The investors in the United States rarely speak to the management in China. They
only contact the unreliable “IR” representatives and are hence not being able to
understand the goals of the firm.
16. Notes on ‘Tax Rules and Regulations’
Tax on Income
Corporate Income Tax (CIT)
Individual Income Tax (IIT)
Tax on Transactions
Value Added Tax
Consumption Tax
Tax on Specific Objectives
Land Appreciation Tax
Tax on Resource
Resources Tax
Tax on Property
Real Estate Tax
Tax on Behavior
Vehicle and Vessel Tax
Tax Levied by the Customs
Custom Duties
Tax Levied by Finance Department
Deed Tax
17. Notes on ‘Reasons for Going Public’
• By going public, a company can create a market for its stock. In general, stock in a public company is much
more liquid than stock in a private enterprise. Liquidity is created for the investors, institutions, founders,
owners and venture capital professionals. Investors of the company may be able to buy or sell the stock
more readily upon completion of the public offering. This liquidity can elevate the value of the
corporation.
• By offering stock for sale to the public, a company can access a substantial source of corporate funding. If
a company needs to raise capital, it can sell stock (equity) or it can issue bonds(debt securities). An initial
equity offering can bring immediate proceeds to a company. These funds may be used for a variety of
purposes including; growth and expansion, retiring existing debt, corporate marketing and development,
acquisition capital and corporate diversity.
18. Notes on ‘Privatization’
• Privatization is the incidence or process of transferring ownership of a business, enterprise, agency, public
service or property from the public sector (the state or government) to the private sector (businesses that
operate for a private profit) or to private non-profit organizations.
• Share Issue Privatization – The selling of shares on the stock market
• Asset Sale Privatization – Selling of an entire organization to a strategic investor, usually by auction.
• Voucher Privatization – Distributing shares of ownership to all citizens at an extremely low price.
• Privatization from Below – Start – up of new private businesses in formerly socialist countries.
19. Notes on ‘ Advantages of Going Private’

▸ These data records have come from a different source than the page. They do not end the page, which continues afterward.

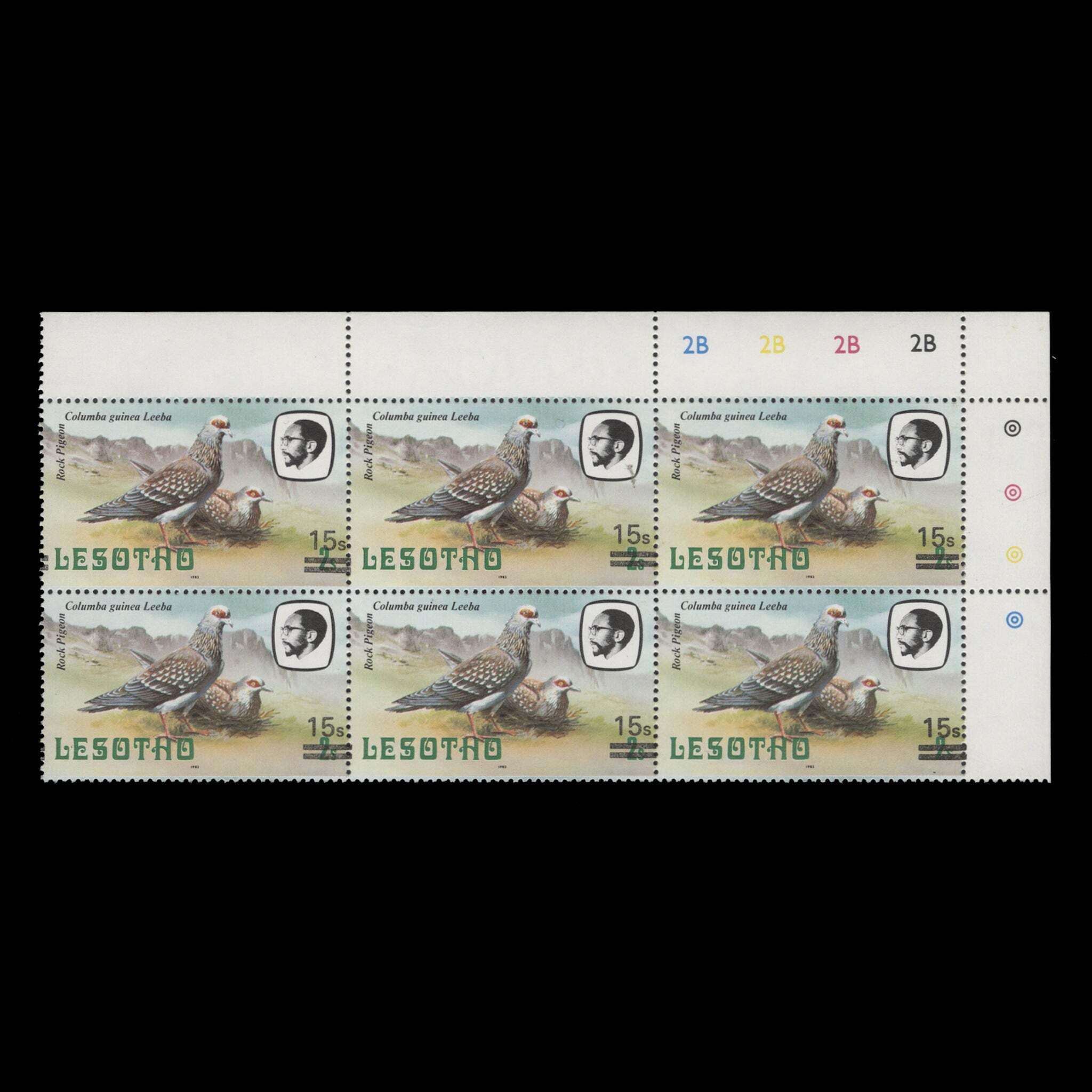 Lesotho 1986 (MNH) 15s/2s Rock Pigeon plate block, '1982' imprint ️
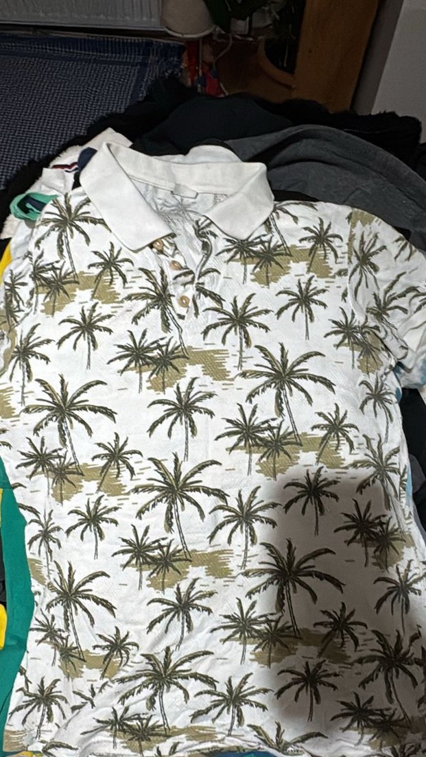 Düğmeli, yakalı ve kısa kollu beyaz polo tişört, koyu palmiye desenleriyle casual tarz sunar.
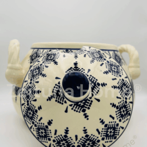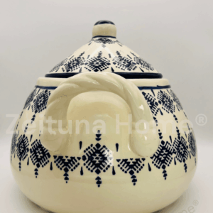 إناء مصنوع يدوياً ومطلي يدوياً بتصاميم بربرية زرقاء تقليدية مستوحاة من جبال جرجرة—سلسلة جبال جميلة في شمال الجزائر تشتهر بقممها العالية وثقافتها الغنية. إناء جرجرة يجمع بين الجمال والأناقة والعملية. المقابض مصممة للاستخدام السهل، والغطاء يساعد في الحفاظ على حساءك أو شوربتك أو حريرتك دافئة وجاهزة للتقديم. سواء كنت تبحث عن هدية مميزة أو ترغب في رفع مستوى تجربتك في تناول الطعام، فإن هذا الإناء من جرجرة، المتجذر في التقاليد، هو خيار ممتاز.
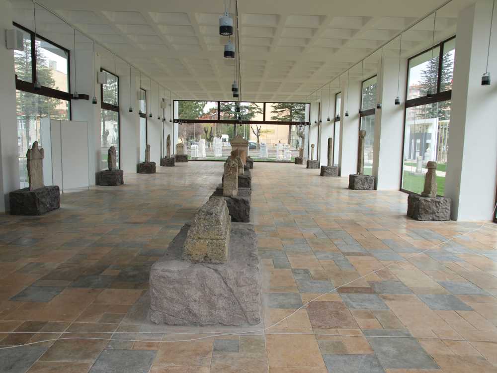 Müzenin bahçesinde de taşınmaz kültür varlıkları sergilenmektedir.
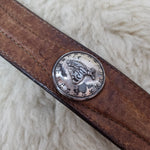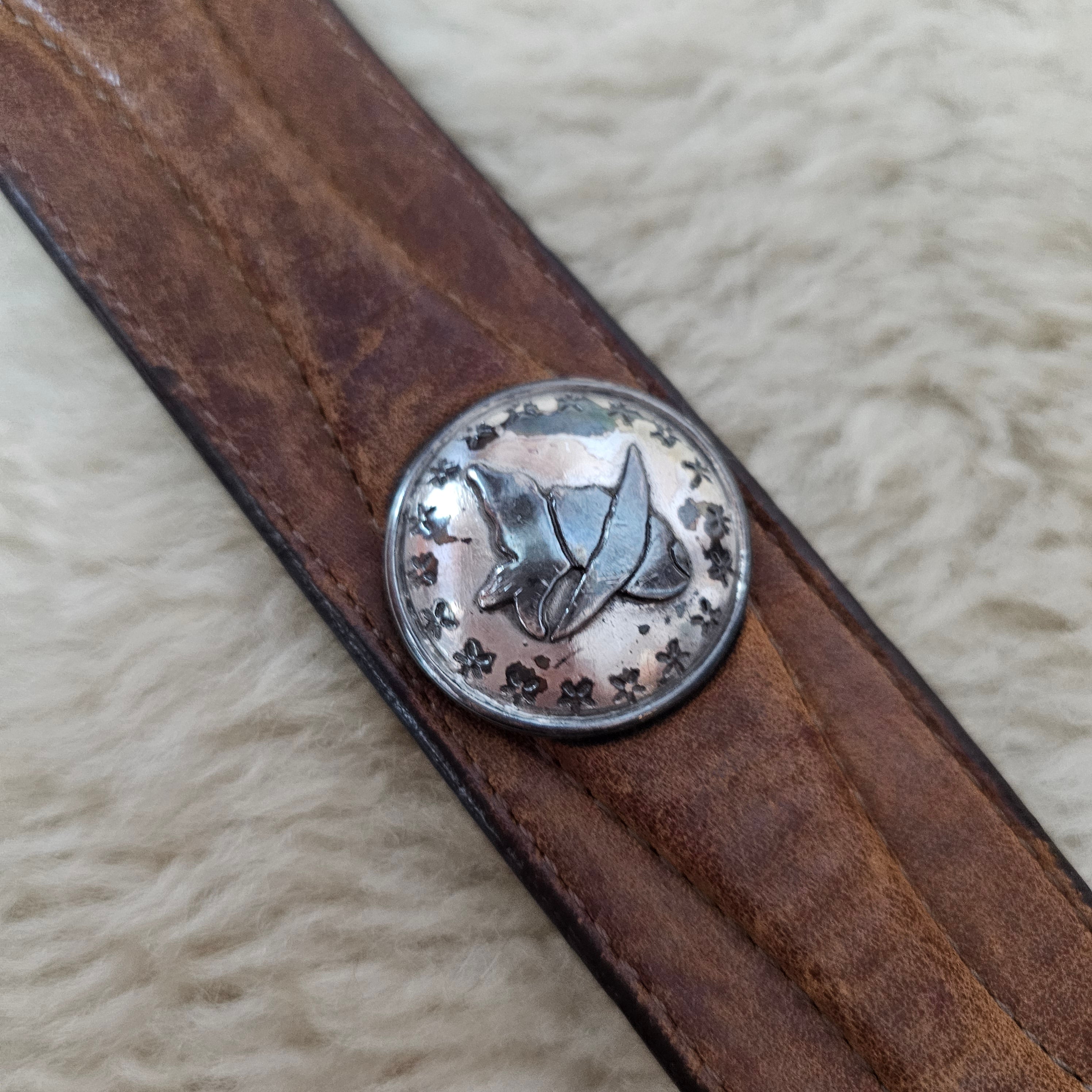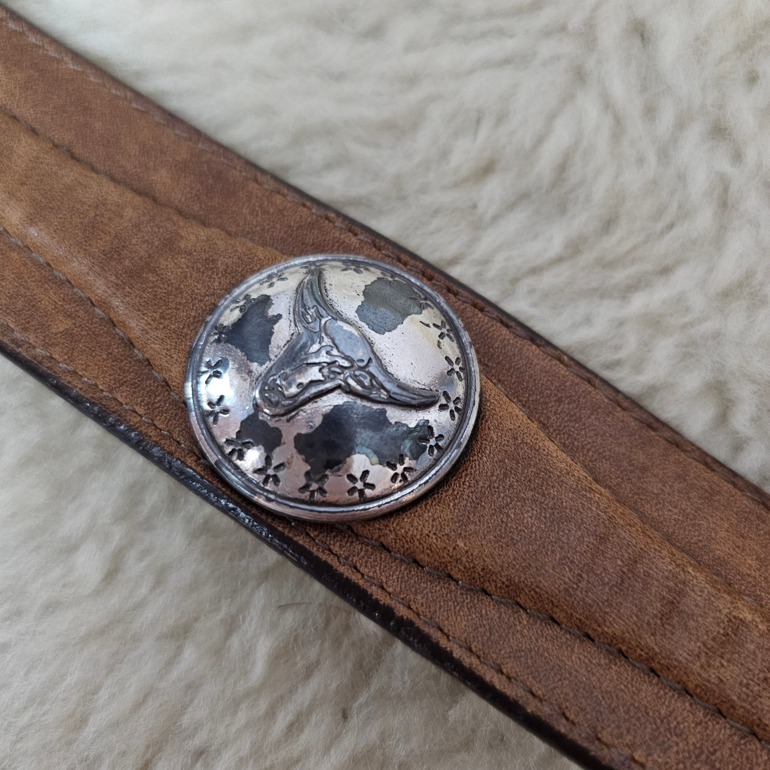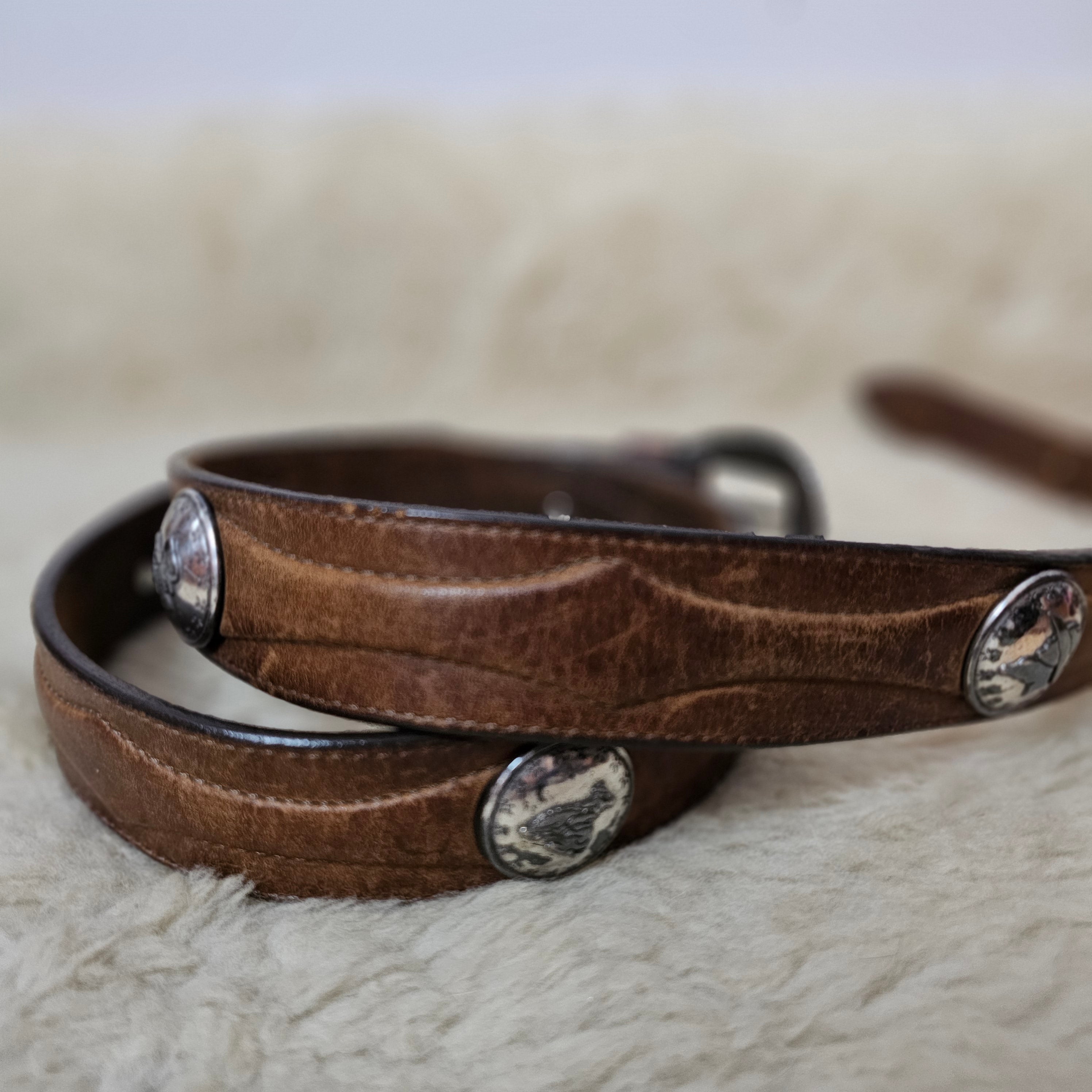 A proper vintage piece with real history — rich brown leather, solid feel, and those classic Western conchos that give it that worn-in, lived-in edge. Nothing polished or perfect here… just full character.
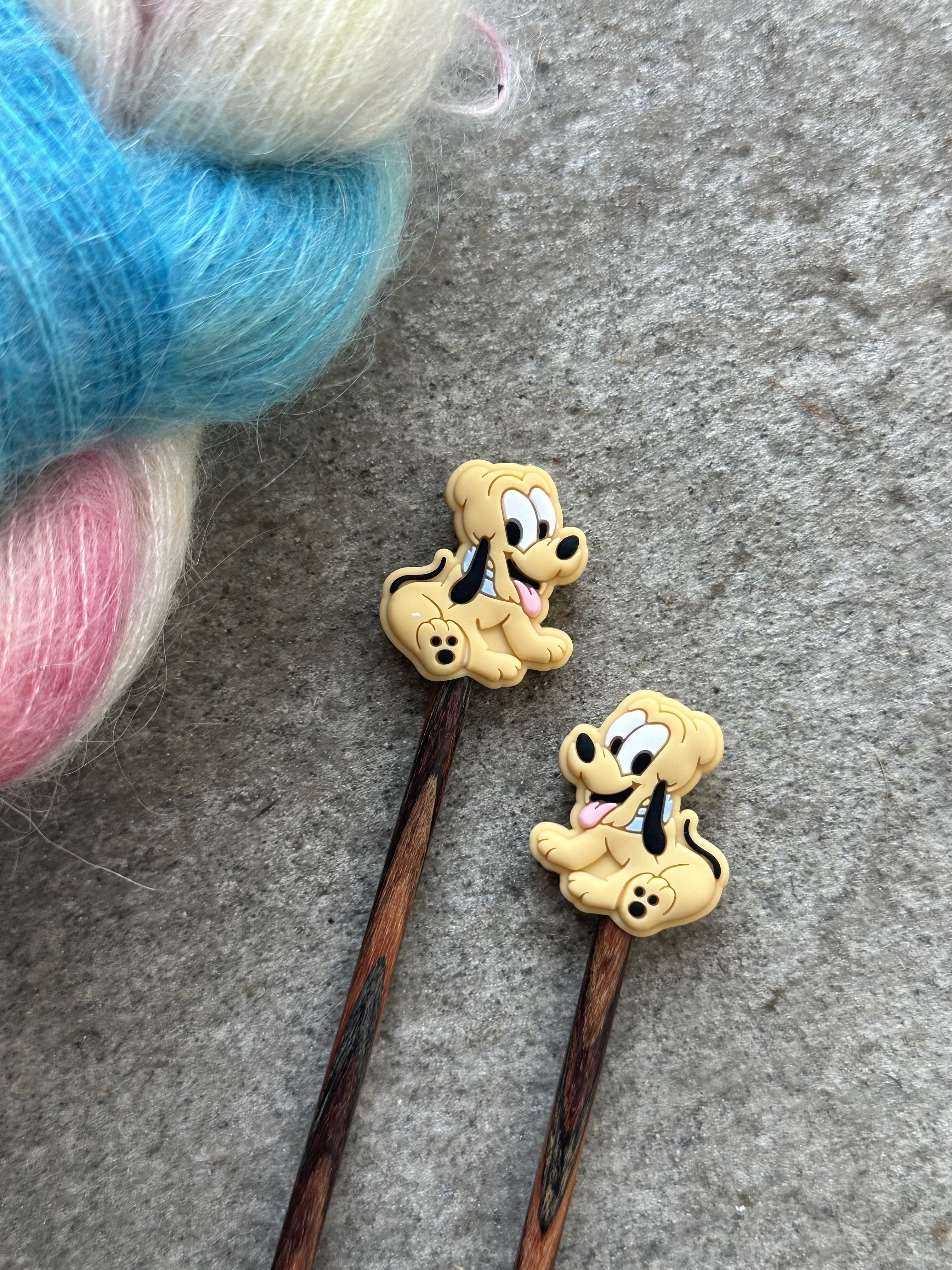 Søte pinnestoppere til strikkepinnene, i silikon.

• Lack of Government Intervention: It is argued governments make poor economic managers. They are
motivated by political pressures rather than sound economic and business sense. For example a state
enterprise may employ surplus workers which is inefficient. The government may be reluctant to get rid of
the workers because of the negative publicity involved in job losses. Therefore, state owned enterprises
often employ too many workers increasing inefficiency.
• Increased Differentiation: Often privatization of state owned monopolies occurs alongside deregulation –
i.e. policies to allow more firms to enter the industry and increase the competitiveness of the market. It is
this increase in competition that can be the greatest spur to improvements in efficiency.
20. Notes on ‘Disadvantages of Being Private’
• Less Transparency: When private companies agree to contracts from the government, especially long-term
ones, the companies can begin to cut corners to increase profits. Unless the contracts include specific
reporting criteria, these businesses' modes of operation may prove difficult to monitor.
• Lack of Financing Options: The greater number of financing options available to public companies are
listed below:
– The issuance of additional stock in a secondary offering
– An exercise of warrants, where stockholders have the right to purchase additional shares in a
company at predetermined prices. When many shareholders with warrants exercise their option to
purchase additional shares, the company receives an infusion of capital.
– Other investors are more likely to invest in a company via a private offering of stock when a
mechanism to sell their stock is in place should the company be successful.